Re: Professional Data Engineer topic 1 question 21

A is best choice. D doesn't make sense.

Re: Professional Data Engineer topic 1 question 21

A is incorrect. how can you find duplicates if you assign a unique id to every record? The answer is either B or D. I first selected B, but reading through the answers D may be better.

Re: Professional Data Engineer topic 1 question 21

you cannot deduplicate data adding a random guid, with guid row is distinct than others

Re: Professional Data Engineer topic 1 question 21

Hard question.
It's a *proprietary* system. Who guarantees we can even add a GUID?
But if you can, it's definitely more efficient than calculating hashes (ignoring timestamp).

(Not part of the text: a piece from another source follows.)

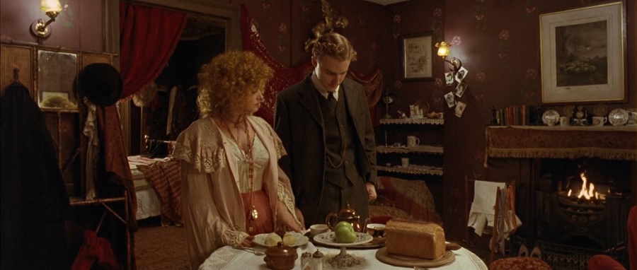 อพาร์ทเม้นท์ของ Leonard Bast มีสภาพเก่าๆ ชำรุดทรุดโทรม ค่าเช่าคงราคาไม่สูงมาก (เป็นห้องพักเหมาะสมกับชนชั้นฐานะ Lower-Middle Class) โทนสีแดงเข้มๆ (แสดงถึงอันตราย ความโชคร้าย ชีวิตที่ต้องต่อสู้ดิ้นรนด้วยหยาดเหงื่อแรงกาย) และยังอยู่ใกล้สถานีรถไฟ ทำให้บ่อยครั้งได้ยินเสียง แสงจากภายนอกสาดส่องเข้ามา และทั้งห้องพักสั่นสะเทือนเลือนลั่น (สามารถสะท้อนสภาวะทางจิตใจตัวละครที่เต็มไปด้วยความหวาดหวั่นกลัว ตัวสั่นเทา ไม่รู้ว่าวันพรุ่งนี้จักมีข้าวกิน เอาตัวชีพรอดได้อย่างไร)

Re: Professional Data Engineer topic 1 question 21

As Dg63 wrote.

Re: Professional Data Engineer topic 1 question 21

Just asked Chatgpt, it gave me option D

Re: Professional Data Engineer topic 1 question 21

Answer B:
Option A: GUIDs can deduplicate the data but is expensive and good for multiple data processing.
Option B: Using hash function to authenticate the unique rows, this function can be applied directly in bigquery.
Option D, is complex and more expensive.

``
`CREATE TEMP FUNCTION hashValue(input STRING) AS (
  CAST(FARM_FINGERPRINT(input) AS STRING)
);
``

Re: Professional Data Engineer topic 1 question 21

A is prefereed way to generate unique identifier compared to hashing/indexing.